We have for sale an exquisite antique oil painting on canvas by 18/19th century Guido Reni School or Follower. The scene depicts the Jewess widower, Judith and her encounter with the Assyrian leader, Holofernes. The canvas has been professionally relined. The black light shows evidence of professional inpainting around the right side of her head and on her right sleeve. There are also two spots of restoration in the upper left corner above her head. I have included photographs trying to show these areas. The original art size is 38 3/4" x 28 3/4" with the frame measuring 43 1/2" x 33 1/2". This artwork is in very good condition for the age. There is a glare on the art!!
Provenance: The art was purchased in the late 60s from PB 84 (Parke-Bernet on East 84th St. in New York City) by the owners of Seaside Art Gallery.
FYI: The Book of Judith is a deuterocanonical book, included in the Septuagint and the Catholic and Eastern Orthodox Christian Old Testament of the Bible, but excluded by Jews and Protestants. It has been said that the book contains numerous historical anachronisms, which is why many scholars now accept it as non-historical; it has been considered a parable or perhaps the first historical novel.
The Book of Judith revolves around Judith, a daring and beautiful widow, who is upset with her Jewish countrymen for not trusting God to deliver them from their foreign conquerors. She goes with her loyal maid to the camp of the enemy general, Holofernes, with whom she slowly ingratiates herself, promising him information on the Israelites. Gaining his trust, she is allowed access to his tent one night as he lies in a drunken stupor. She decapitates him, then takes his head back to her fearful countrymen. The Assyrians, having lost their leader, disperse, and Israel is saved. Though she is courted by many, she remains unmarried for the rest of her life. Ref: Wikipedia
Here is another article about Judith: The Story of Judith Art History Stories from Sacred Texts By Beth Gersh-Nesic, The story of Judith who saved the Jews of Bethulia from annihilation during the reign of Nebuchadnezzar (ruled 605-562 BCE) can be found in the Apocrypha from the Hebrew Bible. Judith was a Jewish widow who lived in Bethulia, when Nebuchadnezzar's famous general Holofernes brought his army to their village, directed to conquer the area for his Babylonian king. However, Holofernes discovered that the village flourished with one spring of water. Delaying his invasion, he decided to have his army plug up the spring with stones and stand guard. After three days, the Bethulians were thirsty and desperate. Judith stepped forward to ask the elders to intervene. They told her to trust in God. Instead, she returned home, took off her dark widow's garb and put on her sexiest outfit, determined to take matters into her own hands.

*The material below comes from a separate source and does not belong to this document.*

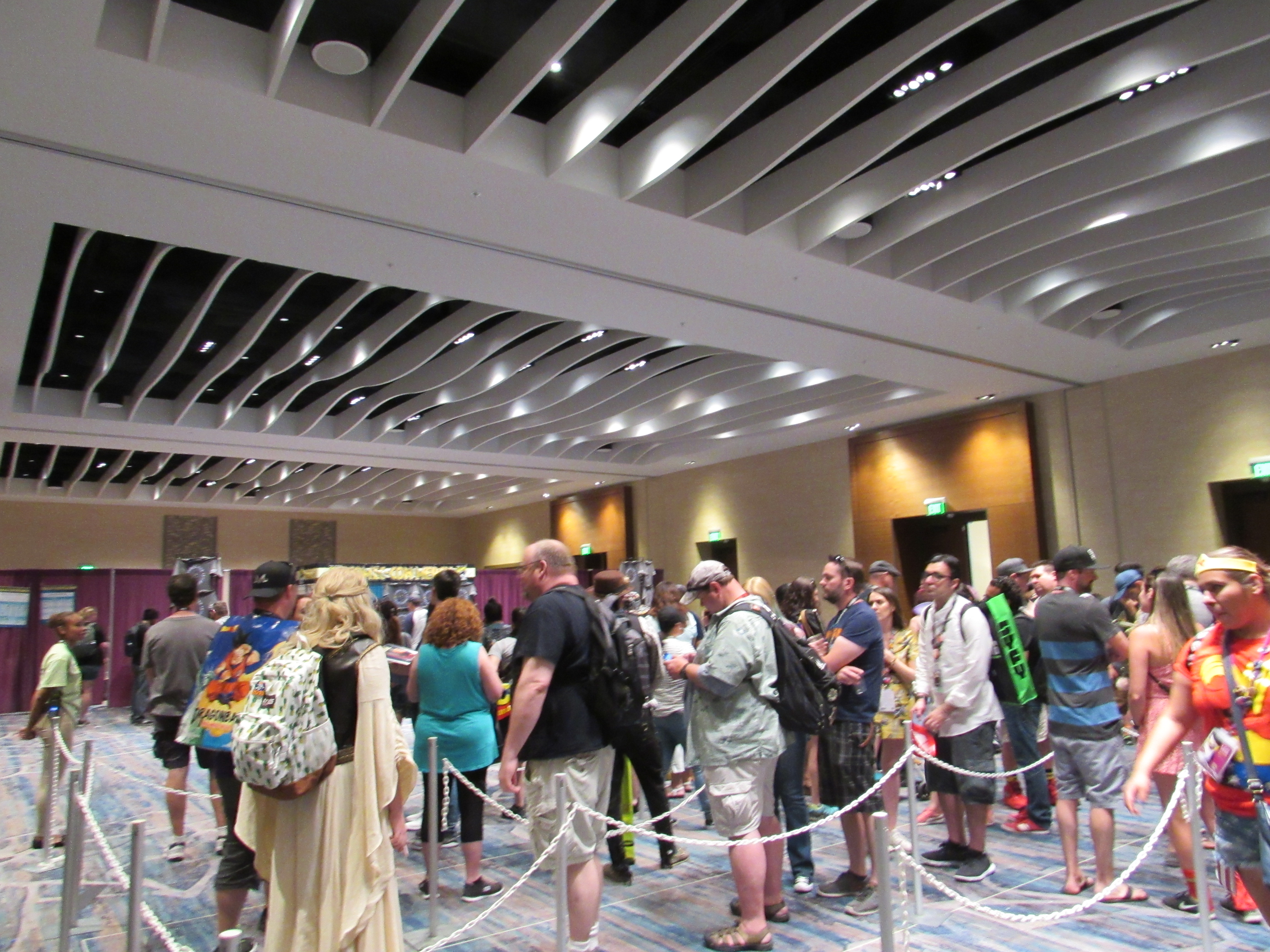Usually I take a photo inside the room just to show the various panels you could have gotten swag from, but this year photos were prohibited inside the room. That makes sense, because some unscrupulous attendees could go in and take a photo of the tickets required for each giveaway, go out and find the corresponding colors/styles at a store somewhere, and come back and get a bunch of swag.
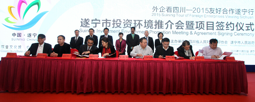 【香港商报网讯】记者金山报道:为加快搭建四川遂宁与国外商务机构和知名企业之间更广阔的交往合作平台,推动遂宁全方位对外开放合作,提升遂宁美誉度,全市积极参加国家“一带一路”和四川“南向开发”的战略建设,结合中国西部(四川)进口展暨国际投资大会契机,10月30日,由四川省人民对外友好协会和遂宁市人民政府共同举办的“外企看四川-2015友好合作遂宁行”活动在四川遂宁观音湖畔隆重举行。活动期间,四川省人民对外友好协会、遂宁市主要领导会见了与会各国领事馆官员,举行了遂宁市投资环境推介会暨项目签约仪式,与会嘉宾参观考察了遂宁市城市建设及园区项目。活动吸引了西方七国集团及俄罗斯、G20大部分成员国的领事、商务机构和知名外企参会,这也是遂宁建市以来活动规格最高、参会国别最多、驻华领馆最齐的高级别外事交流活动之一。

Judith set out for Holofernes' encampment with her maidservant, taking wine and cheese in a sackcloth as a gift for the general. At the entrance to the encampment, Judith convinced the guardsmen she was ready to share strategic information with the general. Since she was Jewish, no one doubted that she needed to carry her own kosher food to sustain her for the journey. Once inside the general's tent, she fed Holofernes plenty of salty cheese which required that the general drink plenty of wine to quench his thirst, as in Lucas Cranach the Elder's Judith Dining with Holofernes (1531). The wine made him drunk. In a stupor, he lay down on his bed expecting Judith to follow. Seizing her chance, Judith took Holofernes sword and with her maidservant's help, cut off his head and put it into her sack. The two women then walked past the guards easily, as they assumed that Holofernes was still in his tent much satisfied, as in Cristoforo Allori's Judith with the Head of Holofernes (1613). The next day, Holofernes' army discovered their murdered leader and decided to retreat, leaving the Bethulians free to unplug their spring and return to normalcy. Judith was celebrated throughout the village and lived a long and prosperous life thereafter.

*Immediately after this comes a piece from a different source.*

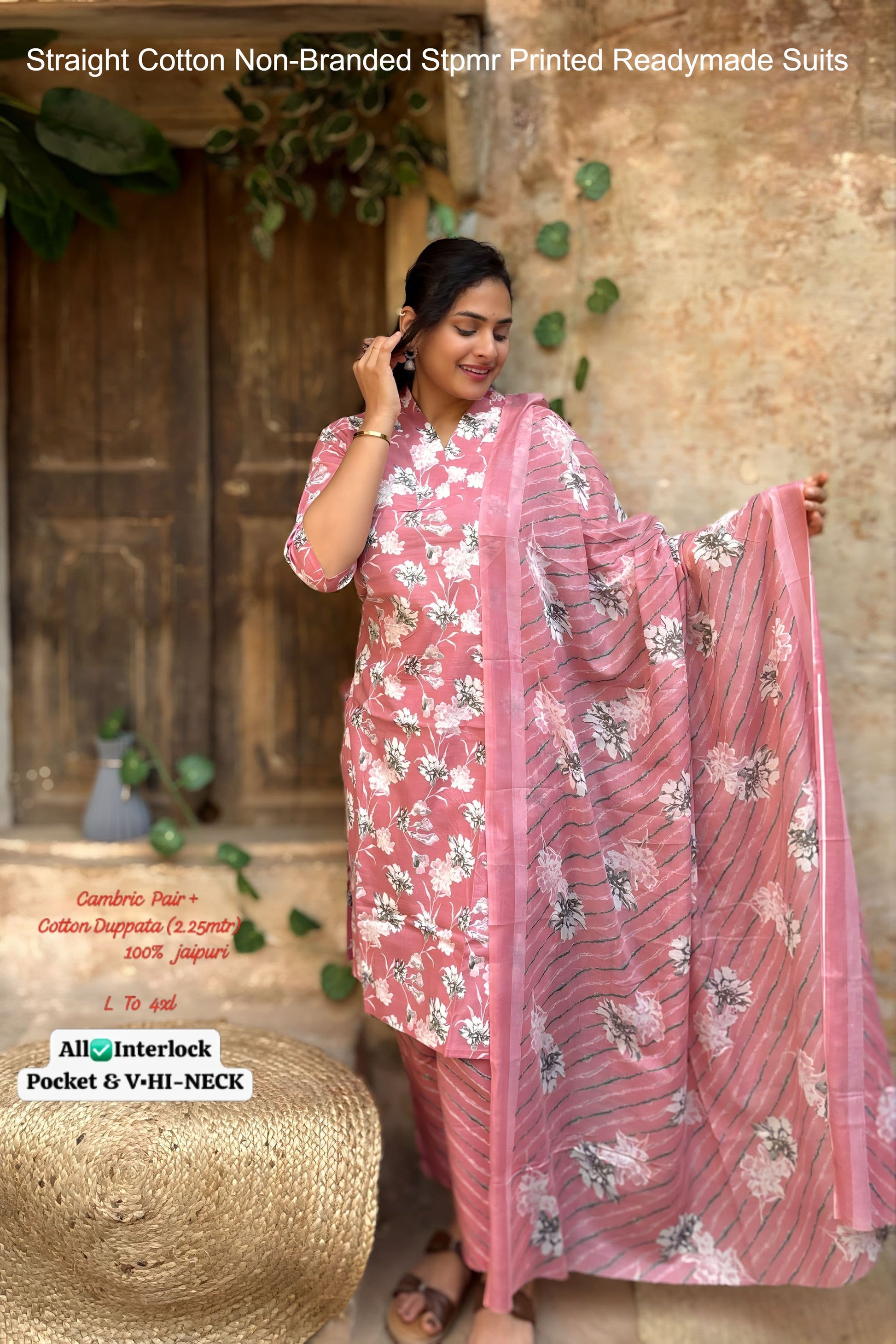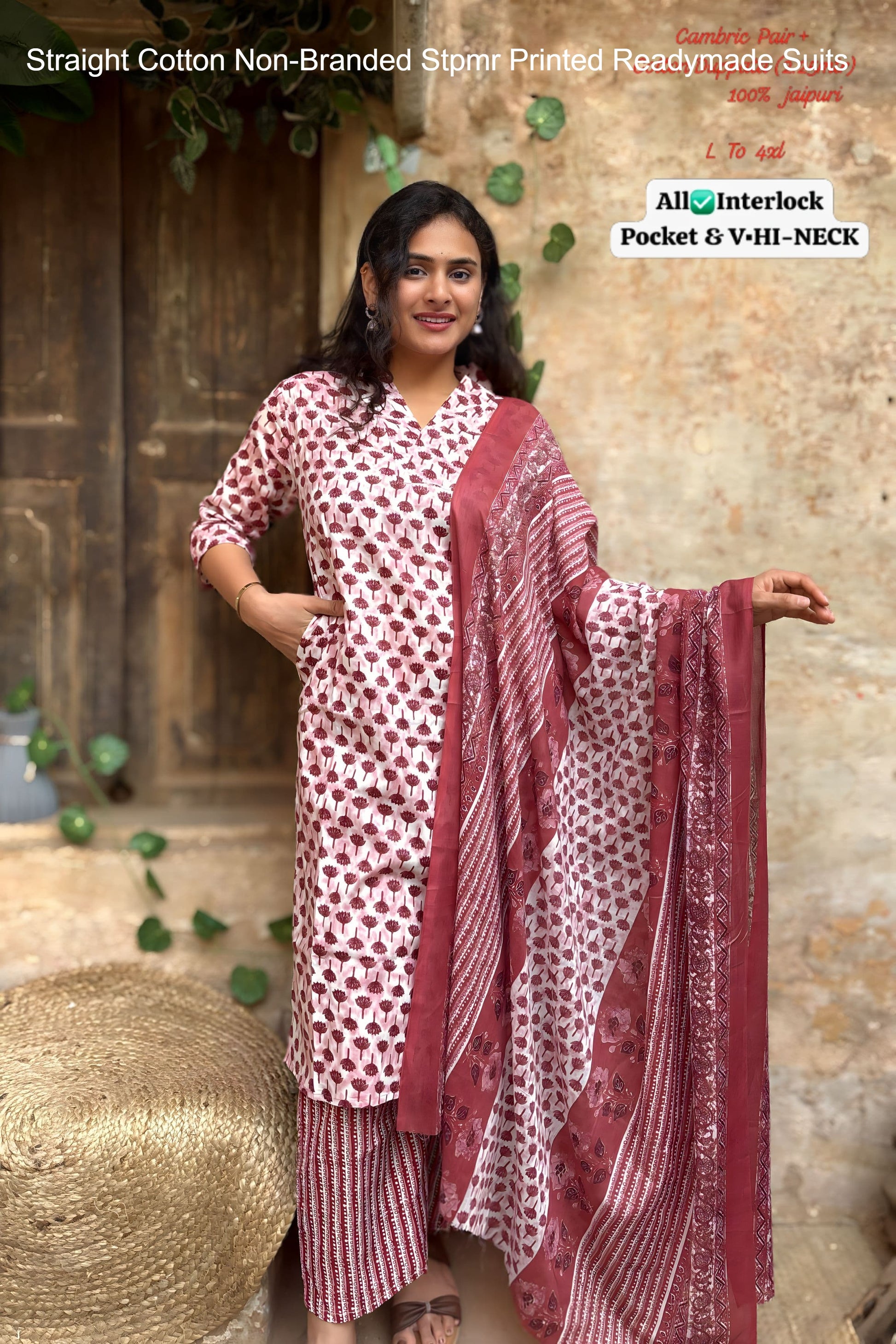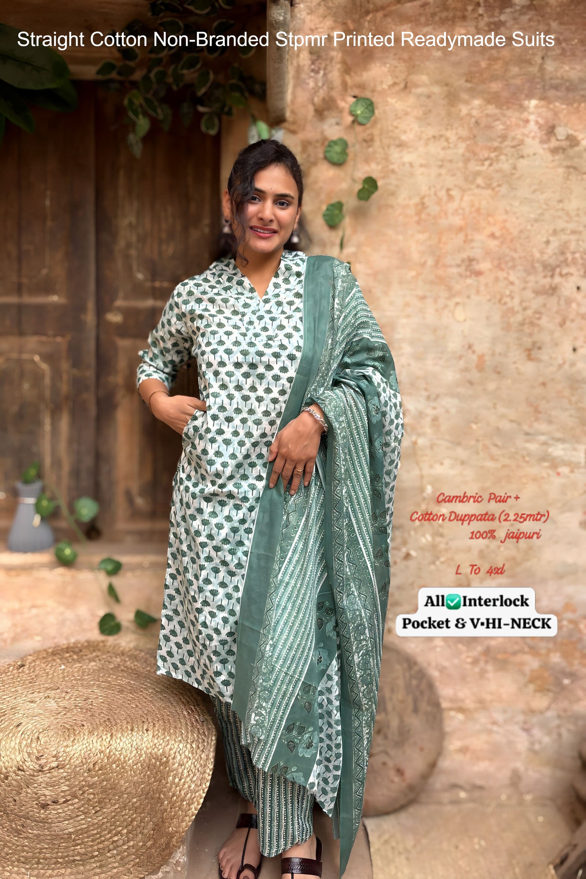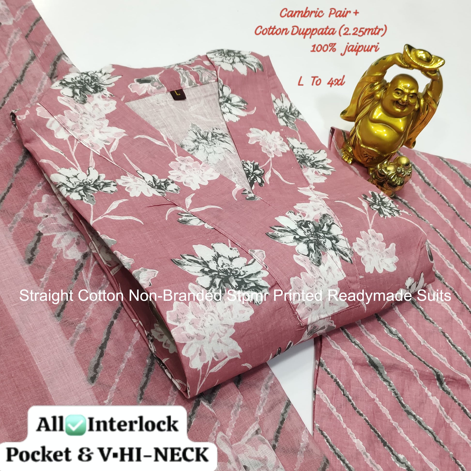 - Fabric Detail: Top : Cotton Printed Hi V Neck , Bottom : Cotton, Dupatta : Cotton , Size : L, Xl, 2Xl, 3Xl, 4Xl

Today it is believed that Judith was an ancestor of the Maccabees who fought Antiochus IV Epiphanes (ruled 175-164 BC) in order to regain control of the Temple in Jerusalem during the Hellenistic period. Hanukah, the festival of light, celebrates the Maccabee victory over Antiochus, the rededication of the Temple and the miracle of the lamp oil which should have lasted only one day, but lasted eight. On the fifth day of Hanukah, Jews eat cheese and other dairy products to remember Judith's great deed which parallels the Maccabees' in 167 BCE.